Wounded by War: The story of an American war veteran

By Mackenzie Berube

Staff Writer

Kevin Flike became an American hero after overcoming the experience of a near-fatal wound while deployed for the United States Army in Afghanistan in 2011.

FSU showcased the short film, “Wounded by War,” Nov. 5, shot and produced by FSU alum Mike Neilan, and Champlain College alum Mike McDonough. The movie follows the story of Flike, a veteran of the U.S. Army, and his journey overcoming his injuries.

Flike always had a “strong desire to serve” his country, especially because of the tragedy of 9/11 occurring during his senior year of high school.

He joined the Army’s boot camp, and passionly wanted to become a Green Beret. The training was extensive and a “culture shock” as he was meeting people from “all walks of life.”

“I lost about 30 pounds that month,” said Flike, but that the effort was worth it, when he became a Green Beret.

Upon receiving the honor of the beret, his 12-man team was deployed first to the Philippines and then, following 9/11, to Afghanistan.

On Sept. 25, 2011, during a 10-hour fight with the Taliban, Flike was shot in his lower abdomen.
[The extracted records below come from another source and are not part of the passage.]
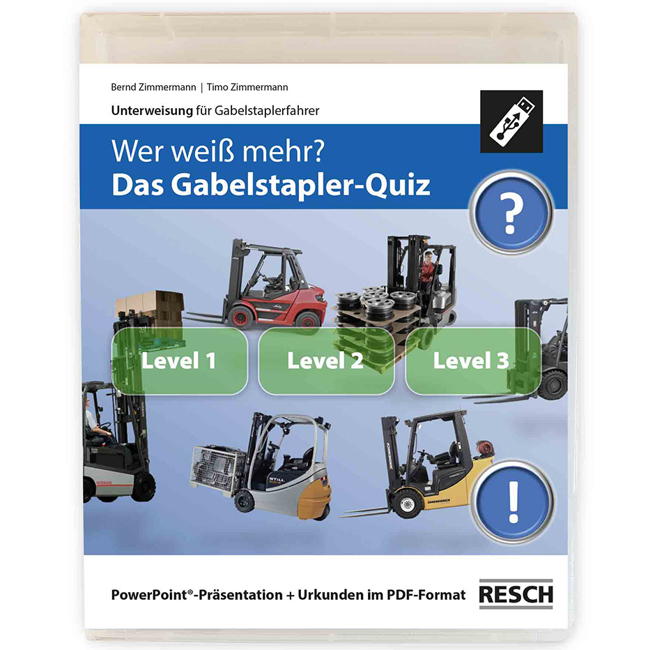 Mit dem Frage-Antwort-Spiel findet im Zuge der Unterweisung automatisch eine Verständnisüberprüfung statt. Dadurch bleibt die Schulung für alle nachhaltig in Erinnerung, die Arbeitssicherheit wird ganz spielerisch erhöht und gleichzeitig erfüllen die Teilnehmer auch noch die gesetzlichen Vorgaben. Im gleichen Stil ist bereits die jährliche Unterweisung „Wer weiß mehr? Das Gabelstapler-Quiz“ erschienen.
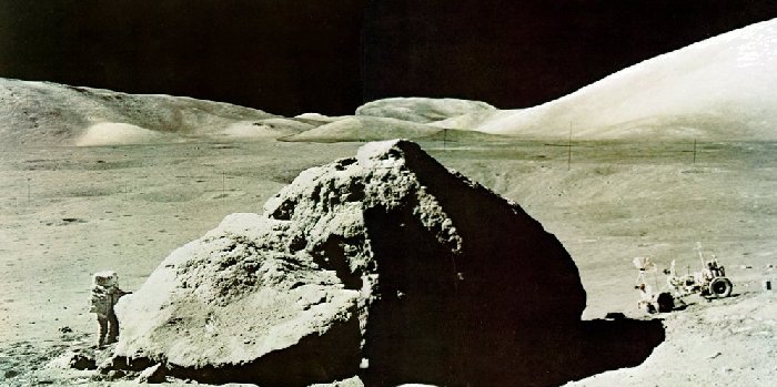 | A panorama of lunar history is captured in this view looking south over the Valley of TaurusLittrow. A huge fragmented boulder had rolled almost a mile down the side of the North Massif to here, Station 6 on our traverse (see here). Our LM and its light area of surface alteration can be seen on the photo about an inch to the right of the top point of the boulder. That's me at the left. Note the marks of my sampling scoop on the debris resting on a slanting surface of the boulder at left. Gene Cernan took the photos from which this mosaic was assembled. |
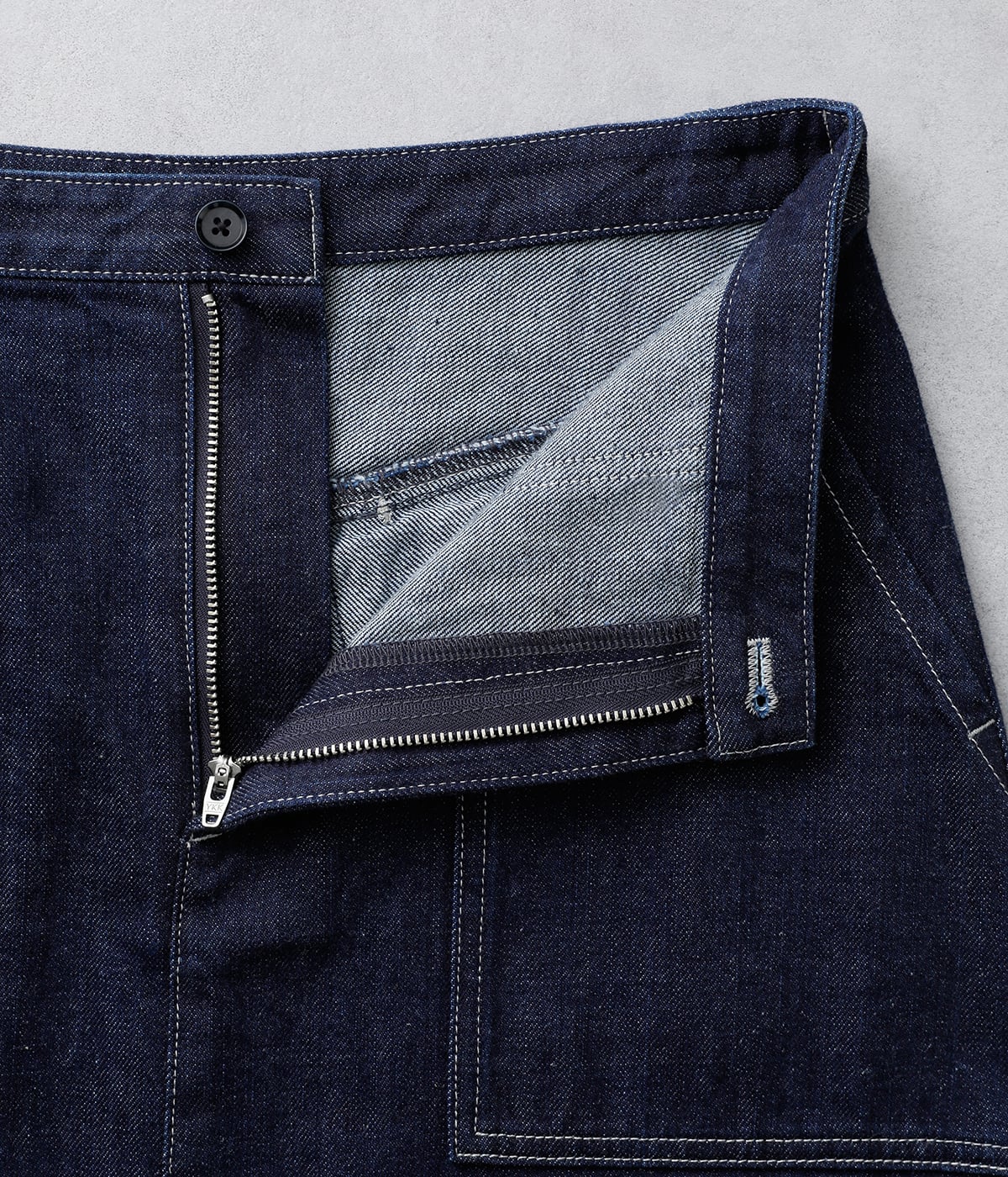 タテ・ヨコ異なる番手の糸を使用した、12オンスのオーガニックコットン100%のデニム素材。染め、織、整理加工をデニムの産地である岡山県備中地方で生産しております。ピュアインディゴのロープ染色を施した、強めのムラ形状が特徴です。

He was carried for 45 minutes to a helicopter to be air-lifted to the hospital.

“I thought I was going to die,” said Flike. He ended up with 40 inches of scars, and lost 20% of his colon and the ability to walk. While in the hospital, Flike got the “best advice” from another wounded soldier, telling him, “Don’t be a f***ing p***y.”

With this advice, he was fueled to do better and walk again. However, with months and months of physical therapy, he still struggled, needing an experimental surgery at the Mayo Clinic.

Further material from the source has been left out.